My transcription of the line in question was: "I ain't gonna bother nobody, just let the good [country beer][times, baby,] roll on."  (Brackets indicate my alternate readings.)  Upon reading your post, I listened to that line again several times at full speed, half speed and quarter speed; it's fascinating to think that it is "country blues," but I just can't hear it.  For me, this deciphering is largely art or a matter of taste and imagination once I get to this point of uncertainty and I can't make clear phonetic judgments, but that's what I hear. Sort of.  I guess.
I should perhaps confess to repeating received wisdom, and from faulty memory at that.

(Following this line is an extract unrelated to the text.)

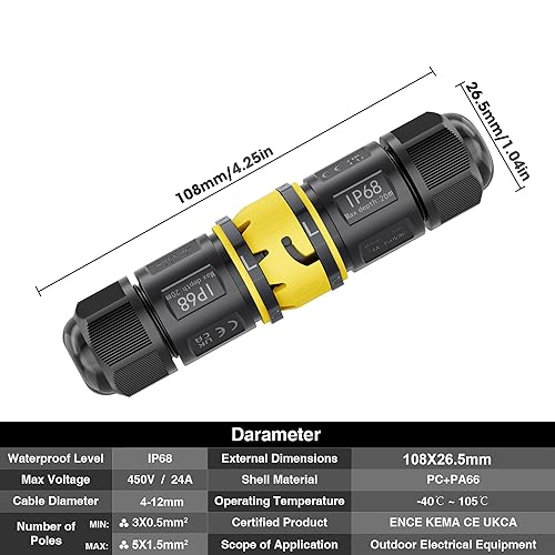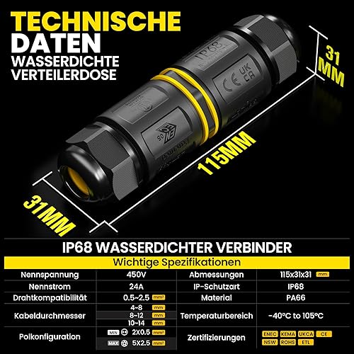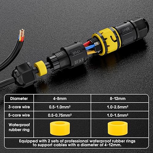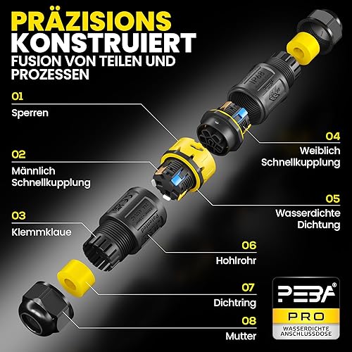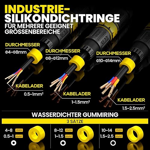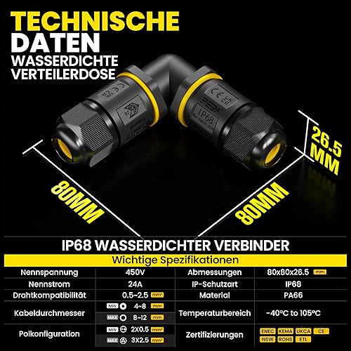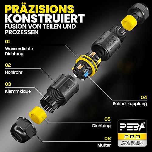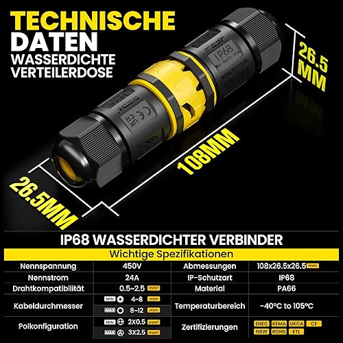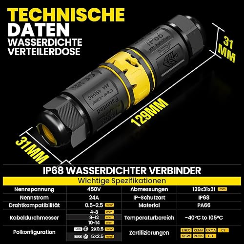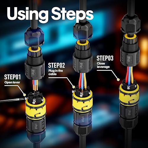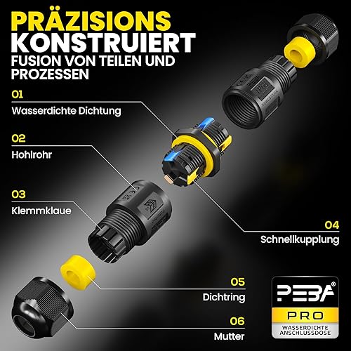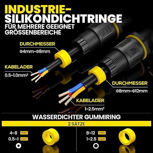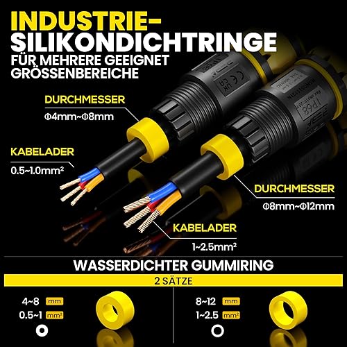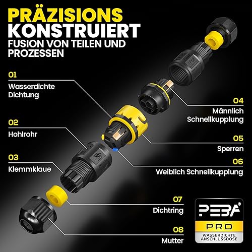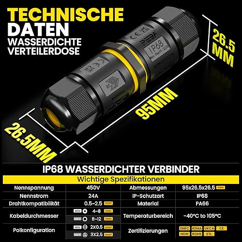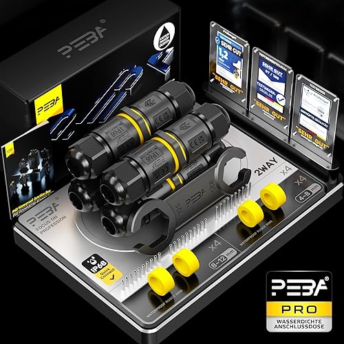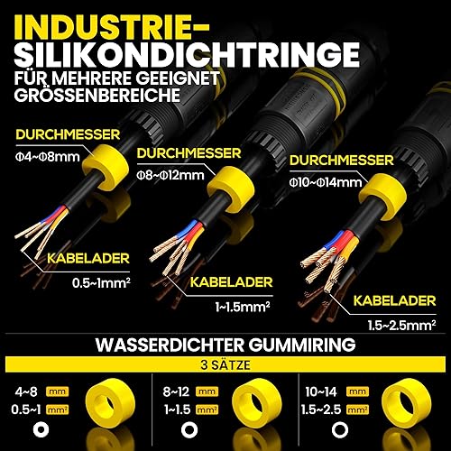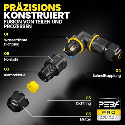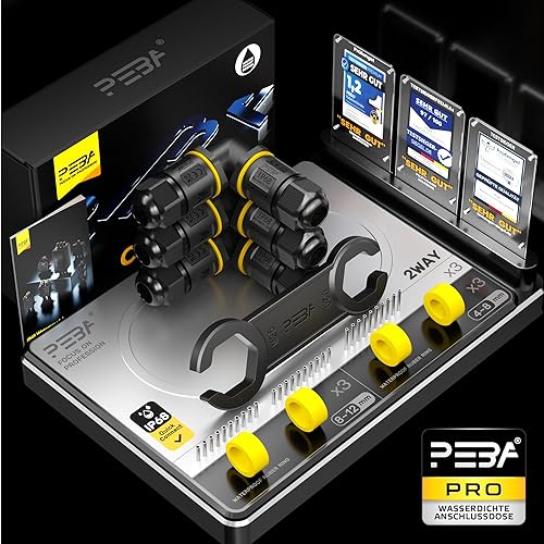 PEBA Kabelverbinder Wasserdicht 3 polig, IP68 Wasserdichte Kabelverbinder 4-12mm Kabeldurchmesser, Verteilerdose außen, 3-Leiter, Verbindungsklemme mit Hebel für Outdoor, 2 Stück Abzweigdose Schwarz

I purchased the CBS LP in 1963 and that line totally defeated me until someone reviewing the 1971 reissue (see Stefan's under construction Scrapper page) asked if the line "let the good country blues times baby, roll on" was the first usage of the term. On re-listening back then I probably heard what I wanted to hear. I've just played the only version I have and am back where I was 43 years ago - not sure what the hell he sings! Duh.

Anybody have the Macleod Document transcription volumes to see what he came up with? I can't even listen to my set of Carr CDs which were lent to a friend who died in 1997 and I didn't have the heart to ask his widow for their return. Wouldn't be surprised if the 1971 understanding of that line isn't repeated there.